А быка свалить дело нехитрое, кастетом в девятнадцатом веке пользоваться не стесняются даже джентльмены. У нью-йоркской полиции так и вовсе – табельное оружие, наравне с дубинками.
– Раунд! Уф… сейчас с оружием будем работать – в левой тычковый кинжал[40], в правой кастет. Схема та же – скоростные удары левой в лицо, подшаг и правой под сердце или по почкам – через раз. Работаем!
Час спустя закончили заниматься, помылись тут же – Мопси подогрела им воды. Дополнительная услуга в виде горячей воды, тазика и чистого полотенца – пять центов с каждого. Мелочь вроде бы… но таких вот мелочей изрядно набегает.
– Куда сейчас?
– Да на прогулку, – с тоской ответил Алекс, кривя рот, – подарки буду выгуливать.
– Х-ха! Когда поклонники дарят тебе что-то после спектакля, так иной раз и зависть берёт – хочется и самому, не без этого… А вот в когда твои выгулы вспоминаю, так смех разбирает.
– Иди ты! Сам ещё недавно декорациями занимался, а сейчас? Роли может и мелкие, зато в каждом почти спектакле играешь.

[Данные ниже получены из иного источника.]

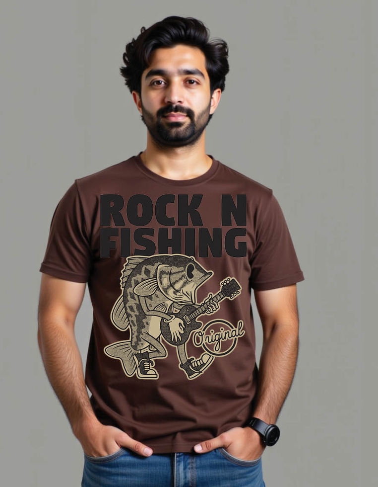 retro cartoon emblem bass fish playing guitar mens printed graphic t shirts
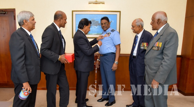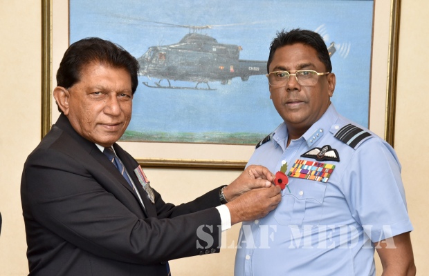 President of the Sri Lanka Ex-Servicemen’s Association Brigadier K.A. Gnanaweera pinned a poppy to commemorate fallen war heroes, on Commander of the Sri Lanka Air Force Air Marshal Kapila Jayampathy, at the Air Force Headquarters today (09 August 2018). The commemoration will also raise funds for the welfare of war heroes’ families.
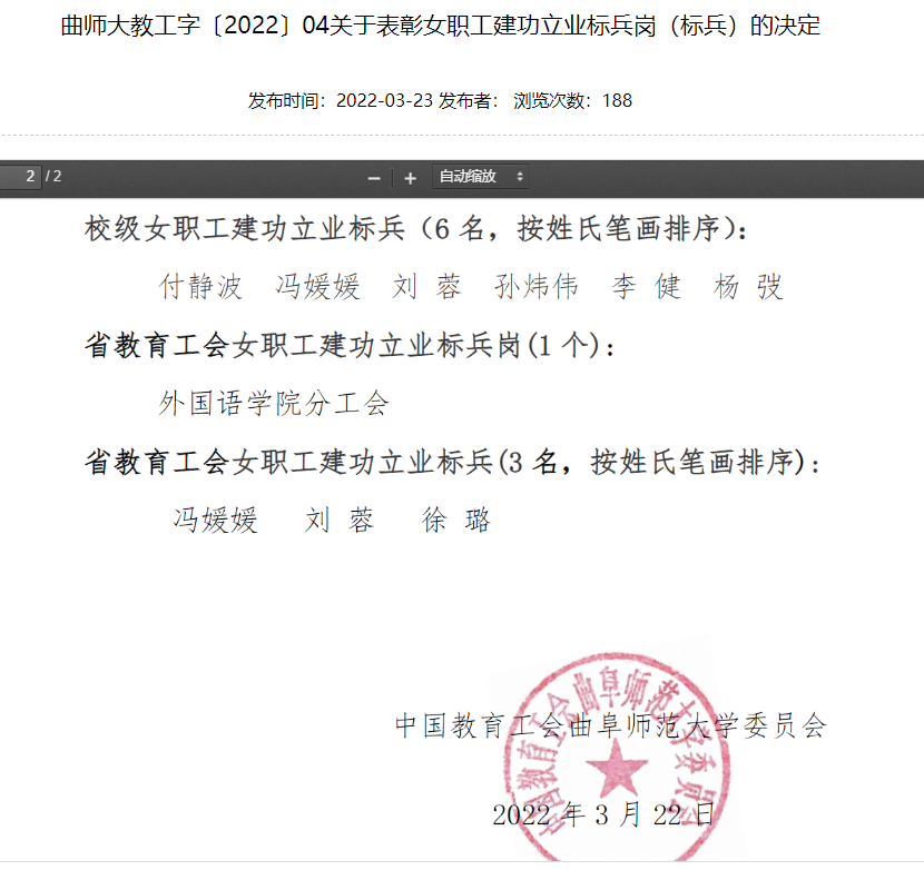 pg娱乐城官网 (日照)分工会荣获pg娱乐城官网 “校级职工建功立业标兵岗”先进集体称号;pg娱乐城官网 (曲阜)分工会主席李健老师荣获pg娱乐城官网 “校级女职工建功立业标兵”个人荣誉称号。
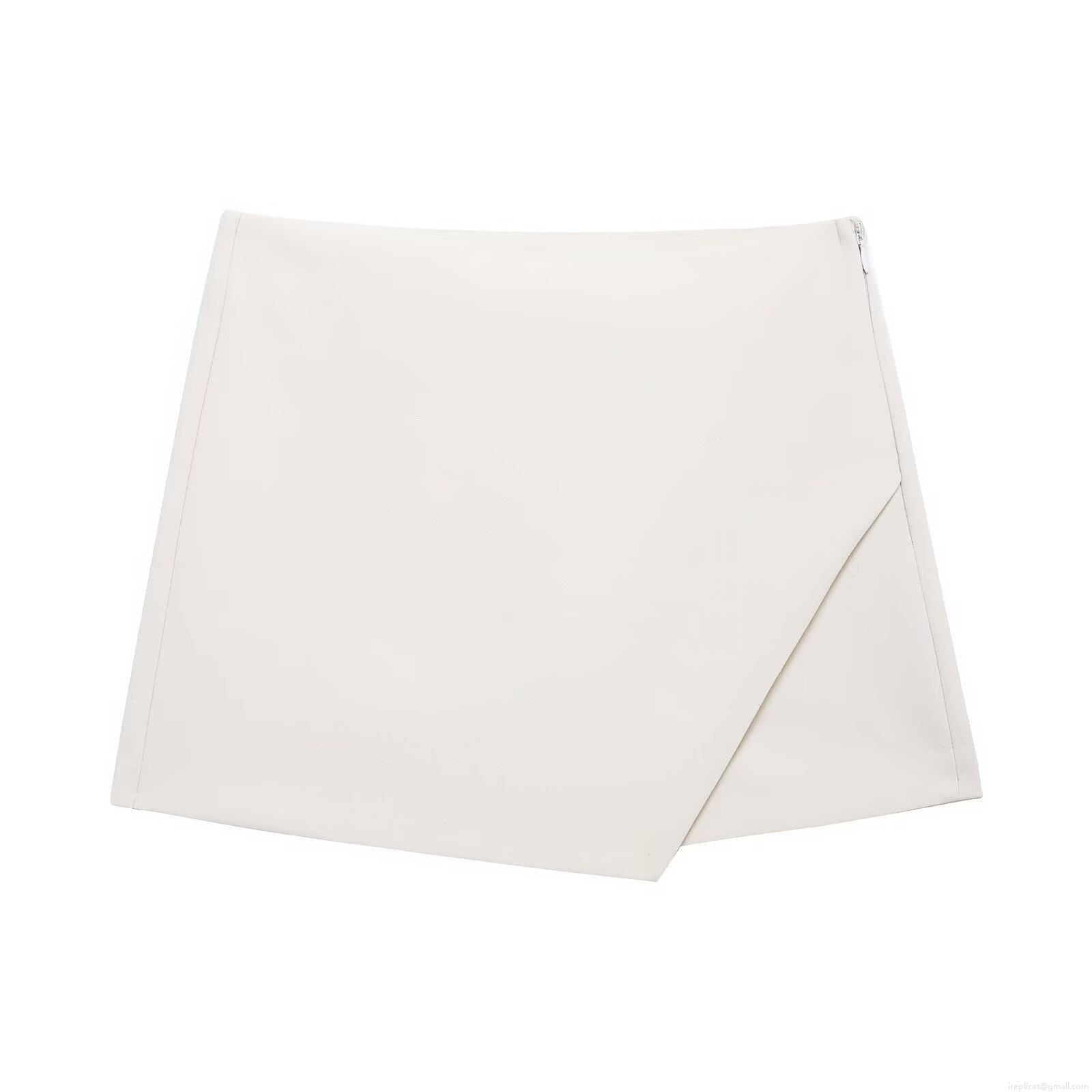 Women's High Waist Asymmetrical Skort Mini Skirt Shorts Elegant Commuting Solid Color Polyester Bottoms with Side Zipper
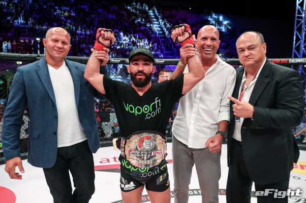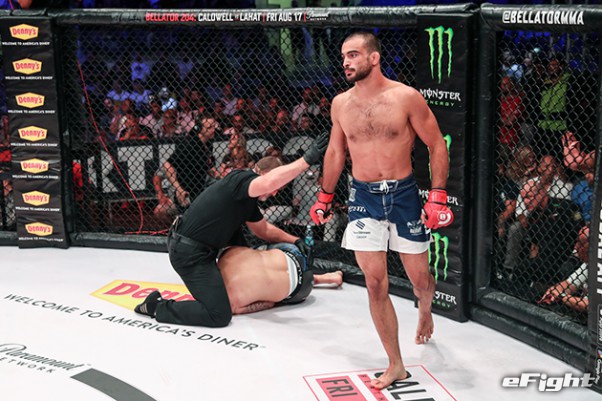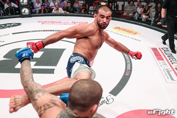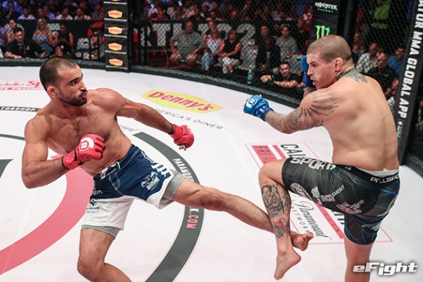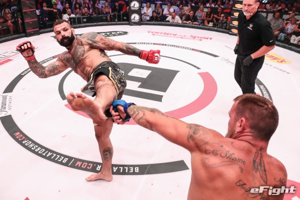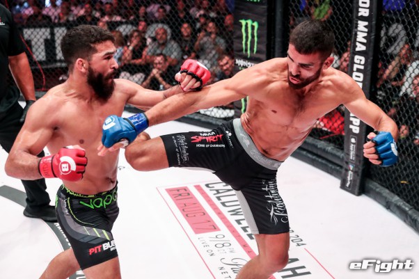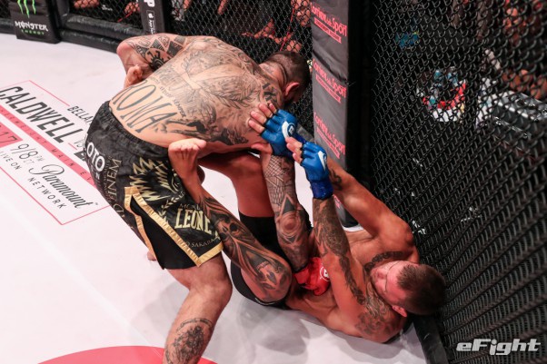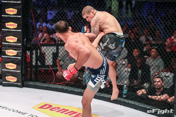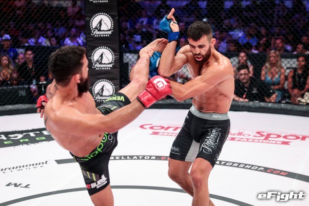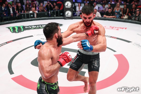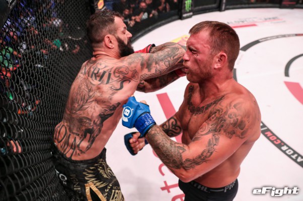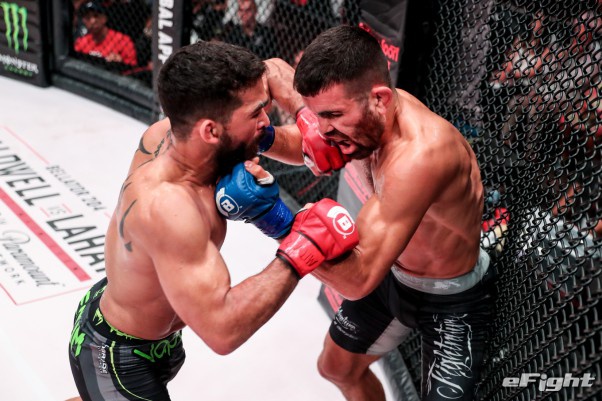 至近距離からのパンチで畳み掛けるパトリシオ(左)
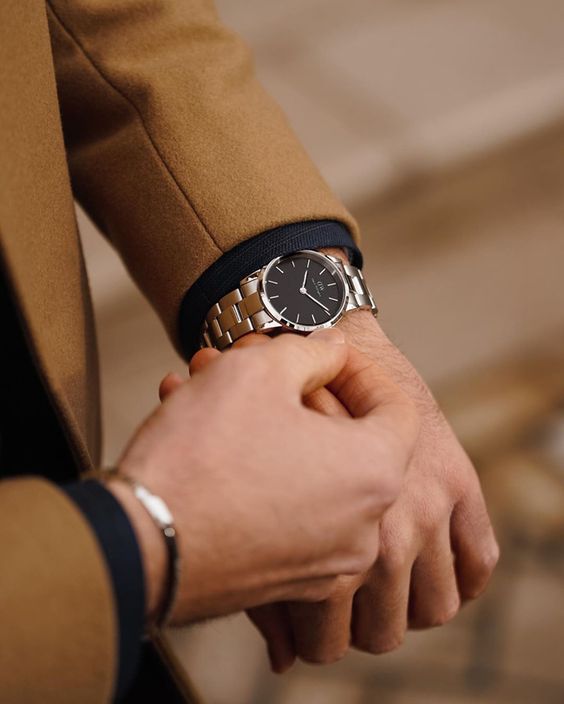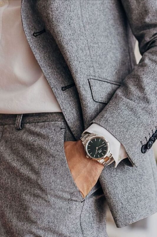 写真のようにグレーのスーツでコーデするとシルバーカラーの腕時計は 手首周りの引き締め効果があり特にグレーやネイビー系のスーツと非常に相性が良いです。
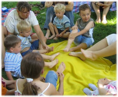 Draussen unter dem schönen alten Baum versammelten wir uns. Ca. 10 Kinder von 1-4 Jahren zusammen mit ihren Eltern waren gekommen. Alle hatten sie ein kleines Gerät in ihrem Ohr. Ganz bunt waren diese kleinen Geräte. Aber - sie sind ein kleines Wunder der Technik. Waren früher diese Kinder dazu verdammt, gehörlos und damit auch mit enormen Sprachschwierigkeiten aufzuwachsen, so ist durch dieses kleine technische Wundergerät allenfalls eine kleine Entwicklungsverschiebung gegeben. Auffällig war die Aufmerksamkeit, die die Kinder und auch ihre Eltern den Klängen entgegen brachten. Wir haben zusammen gesungen und die Lieder mit vielen einfachen Gesten begleitet. Mit den Rasseln gespielt und massiert. Sie konnten die Gesten der Lieder schnell umsetzten, sie hatten sofort einen Zugang zu den Instrumenten. Die natürliche Neugier stand bei allen im Vordergrund und liess Eltern und Kinder ausprobieren. So gaben schon die Kleinsten den Mamas und Papas Klangmassagen, stellten sich in die große Fußschale und konnten erleben, wie viel Freude die Arbeit mit den Klängen macht.

– Ну… типаж у меня такой, – хмыкнул весело Фред, растираясь полотенцем, – если о бандитах, то моя рожа – самое то в спектакле. Ну или мошенника какого в комедии играть. Сам же знаешь, не столько талант, сколько морда лица.
– Два месяца всего играешь, – не согласился попаданец, – а талант дело такое… порядок бьёт класс[41].
Дома Алекс, морщась от получающейся безвкусицы, оделся и начал натягивать на пальцы перстни. Четыре серебряных с камушками, два золотых из низкопробного золота… потом серебряный портсигар, безвкусная золотая цепочка на руку. Всё это – подарки поклонников.
По местным неписаным, но свято соблюдавшимся законам, подарки требовалось демонстрировать. Подарил тебе перстенёк владелец мясной лавки – будь добр, выгуляй перстень в том районе, где живёт мясник. Лавочник должен видеть, что подарок оценён, тыкнуть пальцем в него, показывая домочадцам и приятелям – Я подарил!
Не соблюдаешь неписанные правила, не выгуливаешь подарки? Ну… их количество точно сократиться, а ещё – местные обидчивы. Бауэри пусть и не совсем трущобы, но рядышком, нравы здесь ещё те. Каждый второй так или иначе крепко с бандитами связан.
– Грамматику повтори, – дал задание Фреду. Тот неохотно, но решительно кивнул – знал, что язык у него корявый, трущобный. Потому-то английская грамматика и переписывание английских классиков занимали большую часть учёбных часов англичанина. Увы… несмотря на то, что Фреду хорошо давалась математика, давить приходилось прежде всего на язык.
Какой бы он ни был умный, но пока не научится говорить правильно, да желательно с оксфордским акцентом, в кругах его просто не примут. И бог бы с ними… вряд ли Фред сможет пробиться в высший свет… Но правильный язык и манеры требовались и от среднего класса. Да и с работой проще – хочешь устроиться приказчиком в лавку, а не грузчиком в ней же? Изволь говорить и вести себя должным образом.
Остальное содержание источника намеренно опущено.